One exception is NuevOn, a Hispanic-targeted network featuring Sofia Vergara that comes in at No. 23. The emphasis on unscripted comedy is clearly resonating in a category with multiple ventures going after the Latino audience with either Spanish or bilingual content.
NuevOn is one of three channels from Electus, the IAC-backed studio led by Ben Silverman, who is also seeing traction for Loud, a channel featuring unscripted and comedy series, at No. 44. Not faring as well is the company’s third channel, Hungry, a food channel at 93rd. Electus hired veteran TV executive Bruce Seidel from Food Network in January to oversee Hungry.
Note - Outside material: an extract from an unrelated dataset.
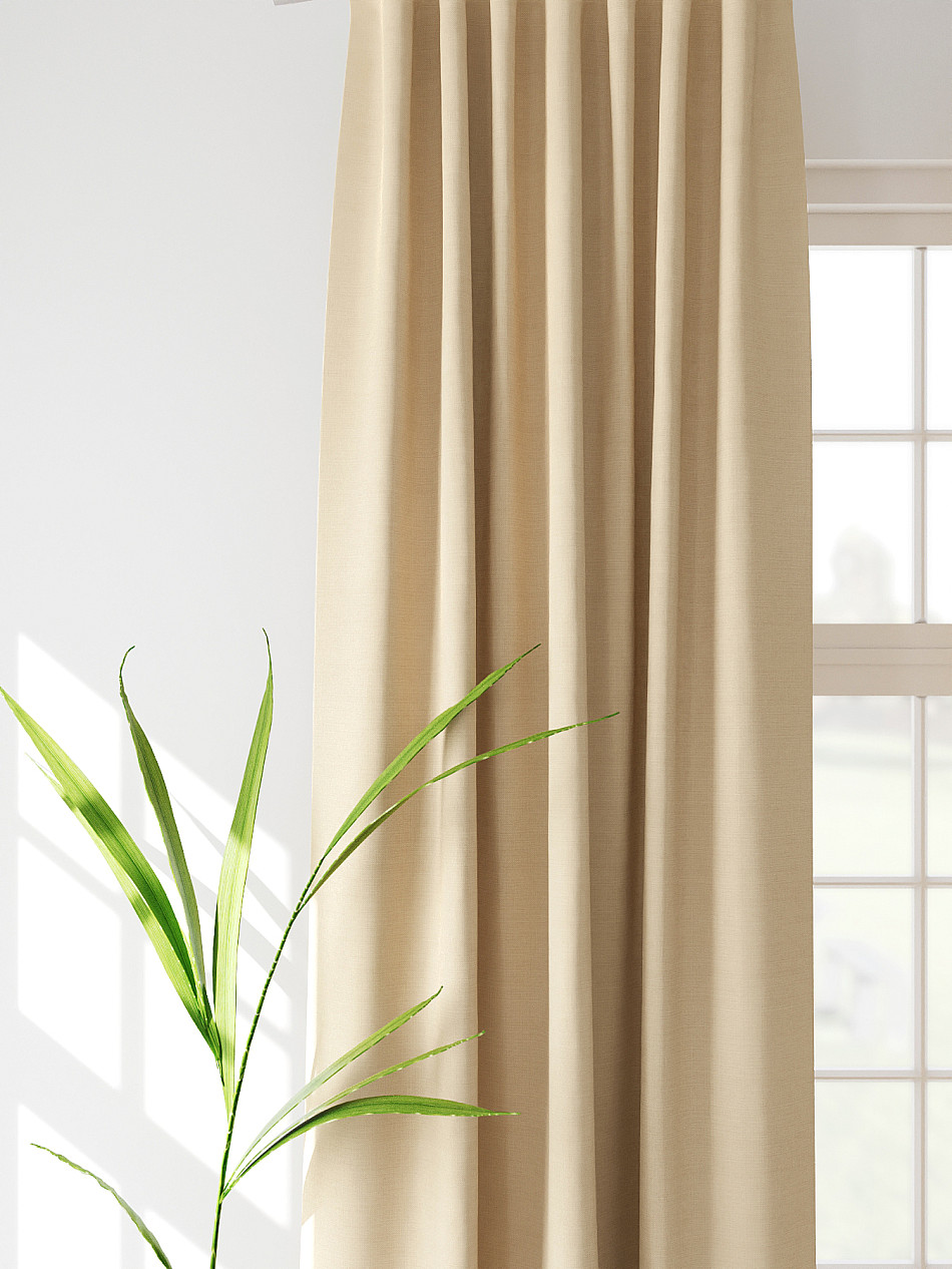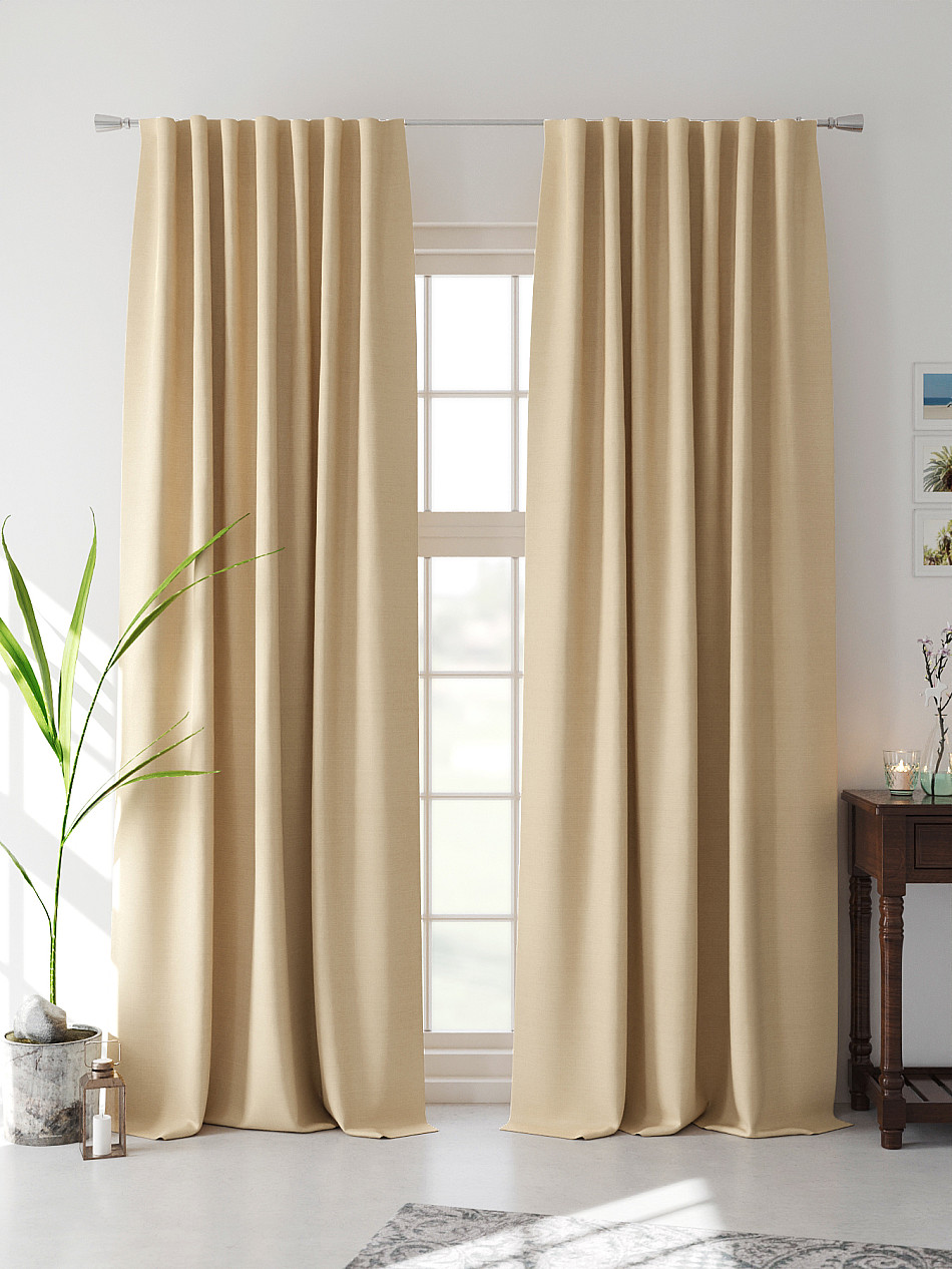 По верхнему краю портьер пришита шторная тесьма 6 см, с ее помощью затянув узелки от кордовых нитей с обеих сторон и стянув их до нужного размера можно сформировать округлые складки, далее вставить крючки в кармашки и повесить на карниз. Обязательно проверьте кордовые нити – они должны быть надежно завязаны, в противном случае во время стягивания они могут вылететь. Шторная тесьма имеет два ряда кармашков, с их помощью можно регулировать не только длину, но и ширину. Такое крепление подходит для всех типов карнизов.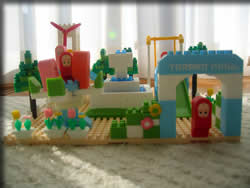 キューピーのスパゲッティーソースを購入して、応募しました。 ダイヤブロックで、入っているブロックを組み立てると、「たらこランド」が完成します♪ 娘と一緒に2時間もかけて作り方通りに完成。思わず達成感が・・・。顔の部分は、シールです。 今は、ロケットや車など、自分で考えて作って・・・

Hungry is an example of a channel serving up programming in a crowded area among the YouTube channels. TheStylish, from production company Magical Elves, is sunk at 97th. Fitness channel 3V, from BermanBraun, is mired in 104th place.
Clearly, female-targeted categories — food, fashion, fitness — aren’t faring as well as male-centric categories like automotive and sports. As YouTube figures out which channels stay or go, it may not simply drop networks with weak numbers but elect to keep one entrant from even slower-performing categories that could see a boost without direct competition.
However, some of the biggest production companies in entertainment are holding their own in competitive categories. FremantleMedia’s Pet Collective is doing OK, in at 42rd, while Befit, a fitness channel from Lionsgate, is sticking it out at 51st.
Entertainment news is also a potent YouTube channel category: Finishing 10th and 11th were Young Hollywood, a hub for celebrity interviews, and ENTV, which is owned by Variety parent company Penske Media Corp.